Aim of the exercise:
Begin at the line that holds "El Ministerio de" and copy each line exactly until the data below ends, including that last line but no pictures.
+++ Record set +++
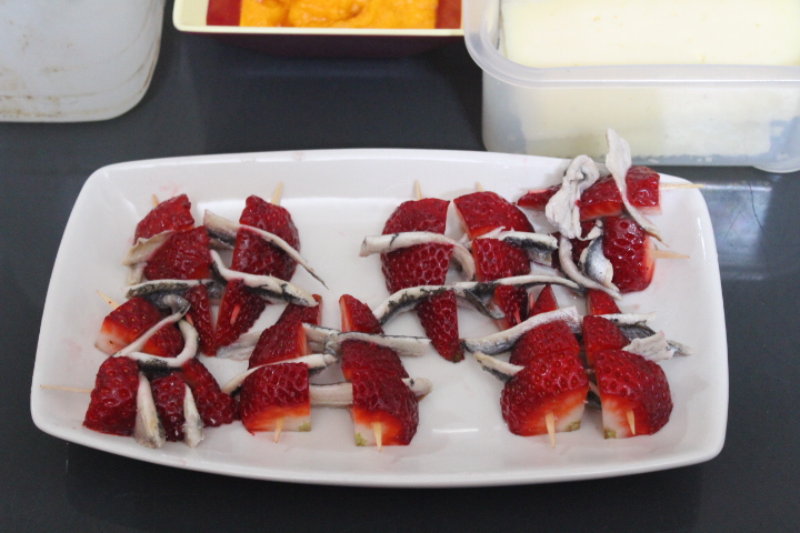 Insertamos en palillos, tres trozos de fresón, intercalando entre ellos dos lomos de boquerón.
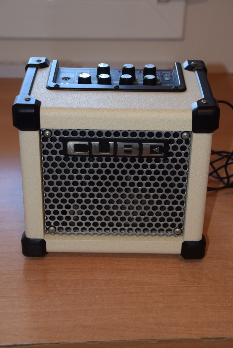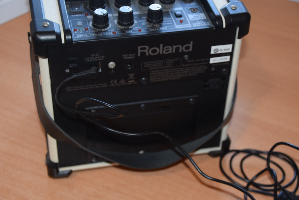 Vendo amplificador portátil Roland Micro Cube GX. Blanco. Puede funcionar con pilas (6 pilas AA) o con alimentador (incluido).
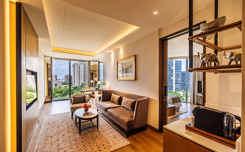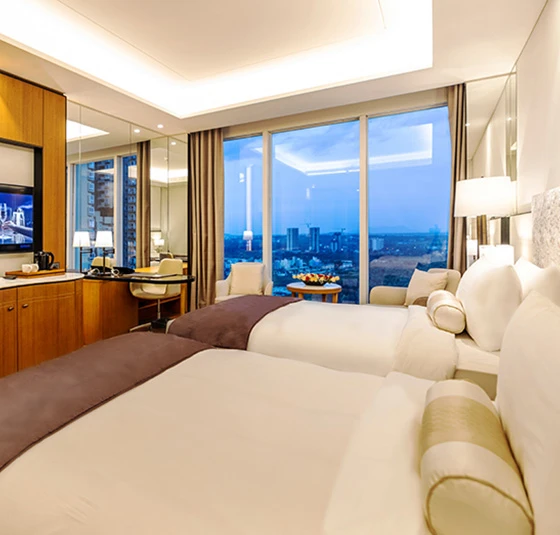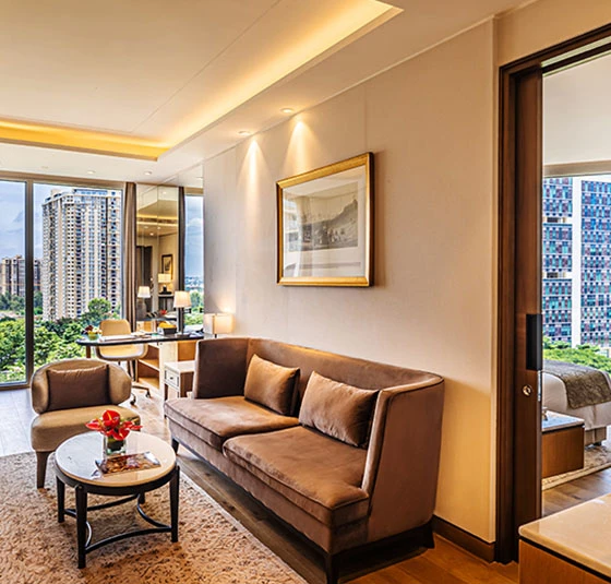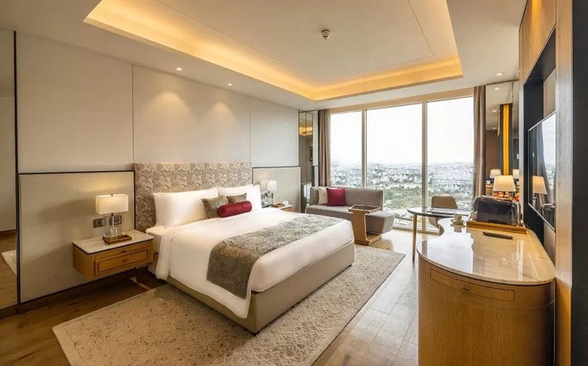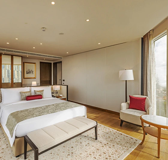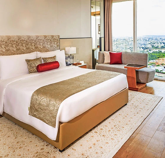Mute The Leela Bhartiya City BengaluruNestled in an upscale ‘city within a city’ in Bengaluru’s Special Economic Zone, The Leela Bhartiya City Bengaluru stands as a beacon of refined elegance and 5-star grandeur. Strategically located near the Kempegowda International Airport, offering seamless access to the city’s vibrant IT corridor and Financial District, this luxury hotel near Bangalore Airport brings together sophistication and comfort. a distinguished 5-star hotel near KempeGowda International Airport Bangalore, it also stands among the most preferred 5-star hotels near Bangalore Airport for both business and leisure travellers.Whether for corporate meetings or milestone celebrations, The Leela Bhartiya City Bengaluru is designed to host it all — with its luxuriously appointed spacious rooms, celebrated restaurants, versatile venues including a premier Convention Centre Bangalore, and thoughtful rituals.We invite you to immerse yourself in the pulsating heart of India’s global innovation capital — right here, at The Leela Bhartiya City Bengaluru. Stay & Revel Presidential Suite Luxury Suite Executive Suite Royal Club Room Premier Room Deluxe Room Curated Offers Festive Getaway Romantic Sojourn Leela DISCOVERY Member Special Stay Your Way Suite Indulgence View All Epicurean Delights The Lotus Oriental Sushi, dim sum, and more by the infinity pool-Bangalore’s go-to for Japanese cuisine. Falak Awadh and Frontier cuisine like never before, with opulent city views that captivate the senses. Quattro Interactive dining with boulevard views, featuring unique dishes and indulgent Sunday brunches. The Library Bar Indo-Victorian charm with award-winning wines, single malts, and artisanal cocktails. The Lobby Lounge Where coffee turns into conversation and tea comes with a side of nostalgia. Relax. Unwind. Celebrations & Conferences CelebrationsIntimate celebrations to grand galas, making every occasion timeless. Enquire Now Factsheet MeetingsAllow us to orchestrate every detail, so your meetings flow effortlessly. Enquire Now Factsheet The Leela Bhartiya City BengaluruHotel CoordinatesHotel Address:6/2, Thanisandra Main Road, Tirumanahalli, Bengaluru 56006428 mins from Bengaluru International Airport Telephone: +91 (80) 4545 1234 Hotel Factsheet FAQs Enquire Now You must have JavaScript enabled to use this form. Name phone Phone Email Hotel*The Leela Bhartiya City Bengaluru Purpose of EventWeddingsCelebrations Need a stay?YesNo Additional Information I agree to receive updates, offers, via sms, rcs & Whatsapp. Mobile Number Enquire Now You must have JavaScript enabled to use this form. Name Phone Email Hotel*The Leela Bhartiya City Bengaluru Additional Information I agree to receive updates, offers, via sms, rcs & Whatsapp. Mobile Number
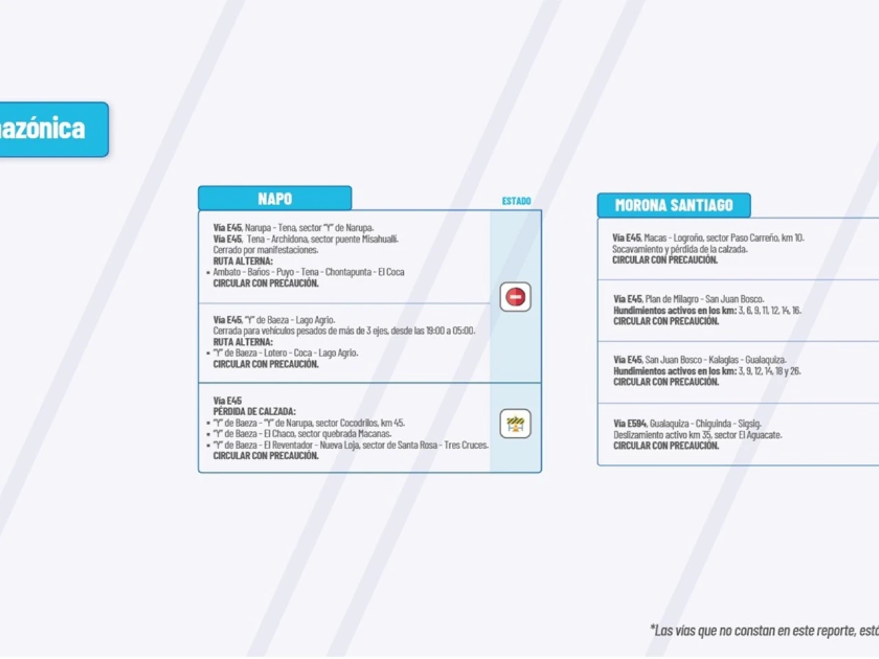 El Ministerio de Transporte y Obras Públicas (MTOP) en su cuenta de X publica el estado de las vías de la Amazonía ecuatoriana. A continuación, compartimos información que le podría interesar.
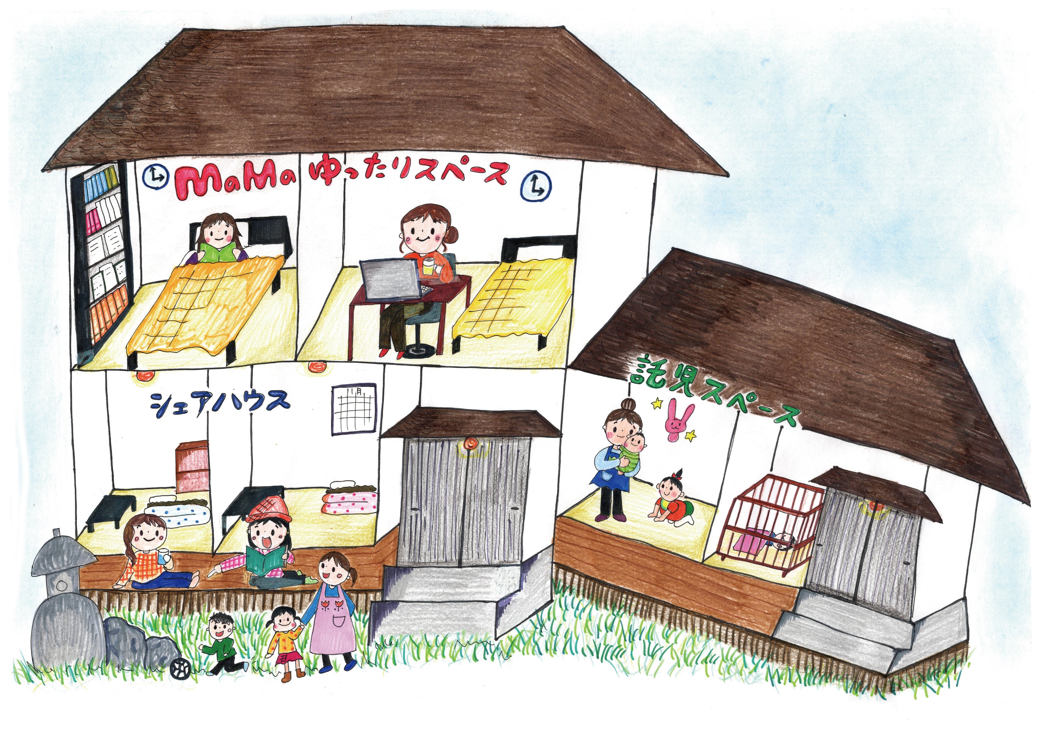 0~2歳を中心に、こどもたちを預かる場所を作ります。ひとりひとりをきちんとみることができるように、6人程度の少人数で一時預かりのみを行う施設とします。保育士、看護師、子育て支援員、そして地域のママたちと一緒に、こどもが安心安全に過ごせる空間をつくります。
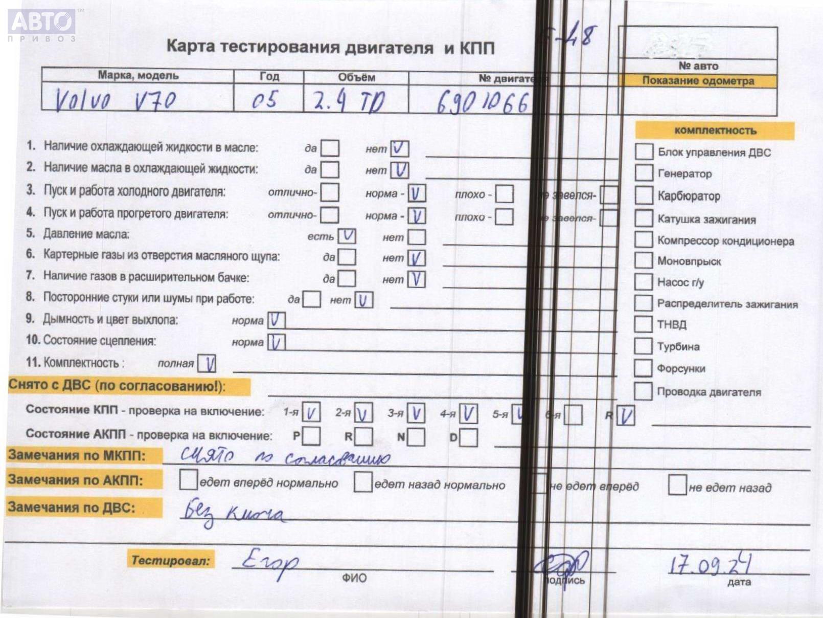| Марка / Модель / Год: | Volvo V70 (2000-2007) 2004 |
+++
Solved exercise:
 El Ministerio de Transporte y Obras Públicas (MTOP) en su cuenta de X publica el estado de las vías de la Amazonía ecuatoriana. A continuación, compartimos información que le podría interesar.
 0~2歳を中心に、こどもたちを預かる場所を作ります。ひとりひとりをきちんとみることができるように、6人程度の少人数で一時預かりのみを行う施設とします。保育士、看護師、子育て支援員、そして地域のママたちと一緒に、こどもが安心安全に過ごせる空間をつくります。
| Марка / Модель / Год: | Volvo V70 (2000-2007) 2004 |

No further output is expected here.